Come hanno reagito i vostri figli? E come pensate di fare quando saranno più grandi?
«Come genitori, che lo vogliamo o no, trasmettiamo ai nostri figli quella che è la nostra cultura famigliare: ogni decisione è una dichiarazione di valori, ogni soldo che spendiamo, ogni minuto che dedichiamo a un’attività piuttosto che a un’altra. Come ci si relaziona, come si celebra, come si reagisce alle crisi, come si stabiliscono le regole e come si reagisce quando le regole vengono infrante, come si organizzano gli spazi: tutto manda un messaggio potente su chi siamo e a cosa diamo valore. In famiglia cerchiamo di riflettere con consapevolezza sui valori dietro le scelte quotidiane: non sempre siamo coerenti, ma ci proviamo e quando non ci riusciamo lo riconosciamo più serenamente possibile».

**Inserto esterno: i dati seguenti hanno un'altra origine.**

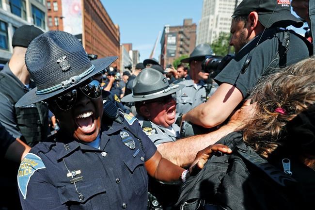 Police say 17 people have been arrested during a chaotic protest outside the arena housing the Republican National Convention.
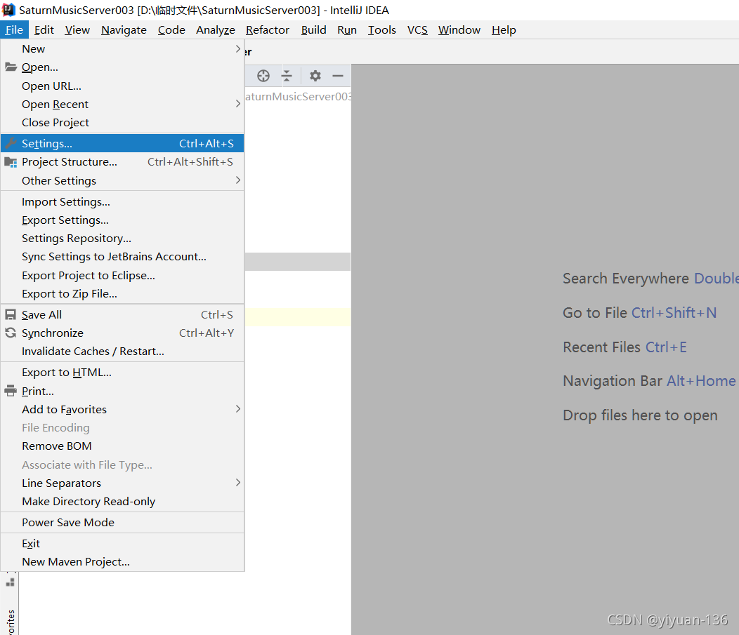1、随意打开一个项目,选择file,点击Settings

«I bambini sono cresciuti nella nostra cultura famigliare: guardano documentari con noi, leggono con noi, ascoltano le nostre conversazioni e si impegnano con noi. Sanno che siamo diversi da tante altre famiglie, ma sanno anche perché e spesso cercano di convincere i loro amichetti e le famiglie allargate a usare meno la macchina, a non portarsi a casa rifiuti con la spesa. I due più piccoli sono agguerriti contro la plastica, la raccolgono quando la vedono per terra, la indicano con orrore quando la vediamo nei negozi; la più grande si chiede perché a tante persone non interessa l’ambiente in cui vivono e non lo rispettano. Noi non facciamo pressioni ma condividiamo le nostre preoccupazioni e le nostre speranze con loro».

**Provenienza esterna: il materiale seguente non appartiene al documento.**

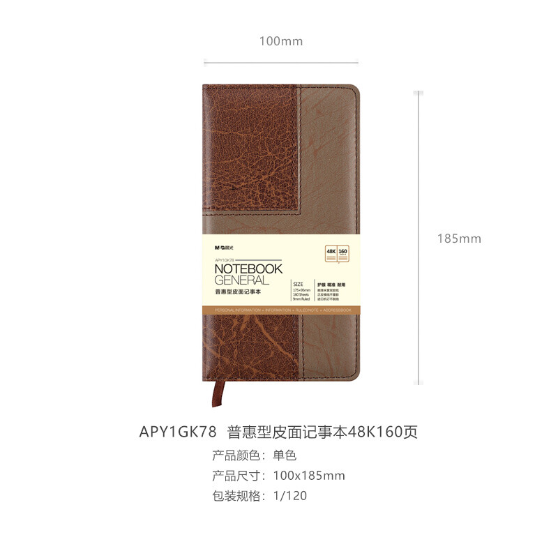 晨光(M&G)文具48K/160张棕色办公笔记本 会议记录皮面本 普惠型日记本商务记事本子 单本装APY1GK78 自营

«Qualcuno ci ha detto che è un lavaggio del cervello; per noi è la trasmissione di ideali che crediamo ci rendano più felici. Un lavaggio del cervello ben più grave e insidioso ci sembra sia quello promosso da certi programmi in televisione, dalla moda, dal continuo bombardamento di inviti a consumare della pubblicità, dalle notizie economiche che ci illudono che la situazione sia tanto più rosea quanto più sperperiamo. Questi messaggi generano infelicità, alimentano l’alienazione, sono bugie. Ivan Illich sosteneva che addirittura la scuola fosse un’agenzia pubblicitaria che ci porta a credere che abbiamo bisogno della società esattamente come è. Per quanto ci riguarda, continueremo a condividere le nostre riflessioni con i bambini anche quando saranno più grandi: senza imposizioni, saranno progressivamente più liberi di affrontare decisioni indipendentemente da noi ma crediamo che alimentare il loro spirito critico fin da ora sia una buona vitamina».

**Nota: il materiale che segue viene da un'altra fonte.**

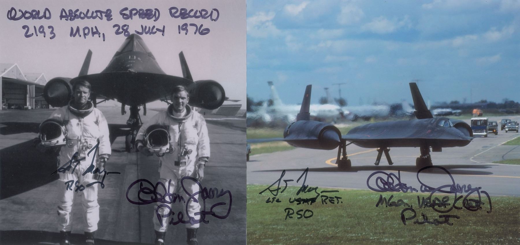 Two glossy photos, 8 x 8 and 10 x 8, signed by in black felt tip by Eldon W. Joersz and George T. "GT" Morgan, Jr., pilots who set an air speed record of 2,193.167 mph on July 28, 1976 in a SR-71A Blackbird 61-7958 at Beale Air Force Base. The photos depict the pilots and their record-breaking aircraft. In overall fine condition. Accompanied by personal calling cards signed by both pilots.

Un messaggio a chi dice: io non ce la farei mai.
«Lo pensavo anche io: bello, stupendo, ma io non ce la farei mai. La pensavo così anche quando ho ricominciato a correre dopo la nascita della mia seconda figlia: mio marito correva 21 km senza apparente sforzo e io ansimavo a percorrerne due. Quando mi sono accorta che, a forza di provare e riprovare, per quei due chilometri non ansimavo più, i chilometri sono diventati tre, poi cinque, poi otto, poi dieci. Quest’anno, incredula e soddisfatta, ho corso la mia prima mezza maratona.  Si parte sempre su una distanza breve, una piccola scelta che ci sfidi a vivere più in linea con la vita che vorremmo. Pian piano la fatica scompare, non ci costa più come sembrava all’inizio: e allora si può fare qualcosa in più, aggiungere un altro chilometro. Le scelte, come le gambe, con un po’ di allenamento ci possono portare lontano».